福祉アドバイザーとして活動する 小林 喜美子さん 茅ヶ崎市在住 61歳
「天職」の魅力 次世代に
○…5月12日は看護の日と定められ、近代看護の創始者ナイチンゲールの誕生日でもある。自身も40年間看護、介護の道を渡り歩いてきたエキスパートの一人。昨年には県看護賞も受賞。今年2月に介護老人保健施設湘南わかば苑(藤沢市)を辞してからは、その経験を後世に伝えようと福祉アドバイザーとして講習会などを行っている。
○…高校時代に従兄弟がスモン病になり、叔母が大変そうにしている様子を目の当たりにして、看護の道を歩みだした。患者が元気になって帰っていく姿に喜びを感じ、看護師という仕事を「天職」と思えるまでになった。だが、体力的にもハードな現場で夜勤もある。22歳で結婚し、25歳、29歳の時に子どもも出産した。「昔は産前産後6週間しか休まなかったんですよ」。仕事はもちろん、家事も育児も満遍なくこなした。だが、「全く苦痛に感じなかった。それが当たり前だと思ってたんですよ。家族をはじめ、周りの友人知人の協力があってこそですけどね」。その柔らかな表情からは過酷な仕事に携わってきたという事実は影をひそめる。あくまでも自然体を貫き通してきた。

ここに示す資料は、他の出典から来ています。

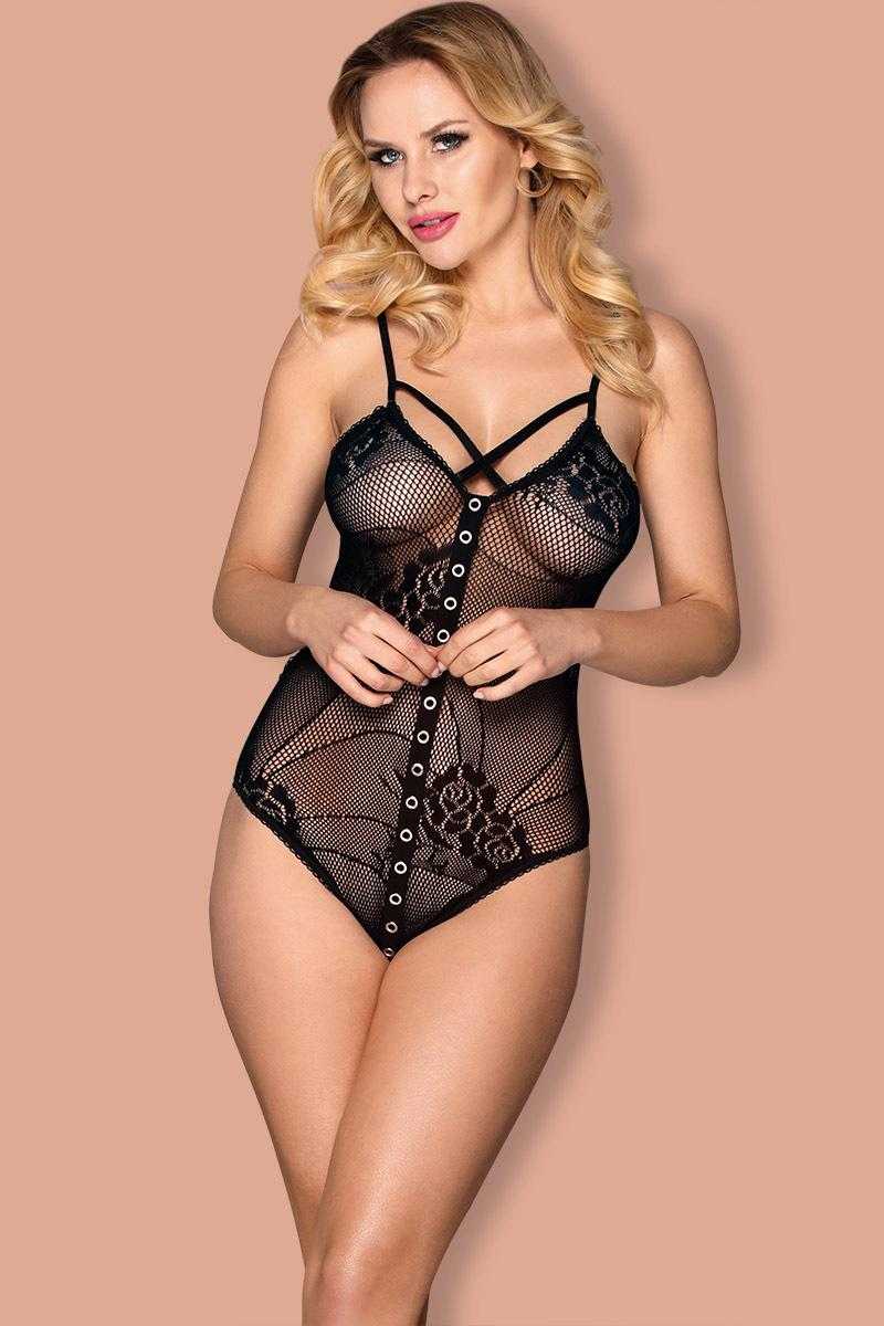 Fantastické body ze síťoviny s květinovým vzorem. Ramínka jsou nastavitelná, stejně jako pásky v rozkroku. Na zadečku je šněrování. Růžová mašlička smyslně kontrastuje s černou barvou body. Přední díl je ozdoben kovovými cvočky, které napodobují knoflíky.

○…現役時代は休みでも呼び出されることがあり、毎日仕事のことを忘れることはできなかった。「連続ドラマも観なかったですね」。その分、今はキルト作りの教室に通い、お菓子作りや旅行、ゴルフと人生を満喫している。「(現場を離れ)今改めて家事の大変さを実感してるんです」と笑う。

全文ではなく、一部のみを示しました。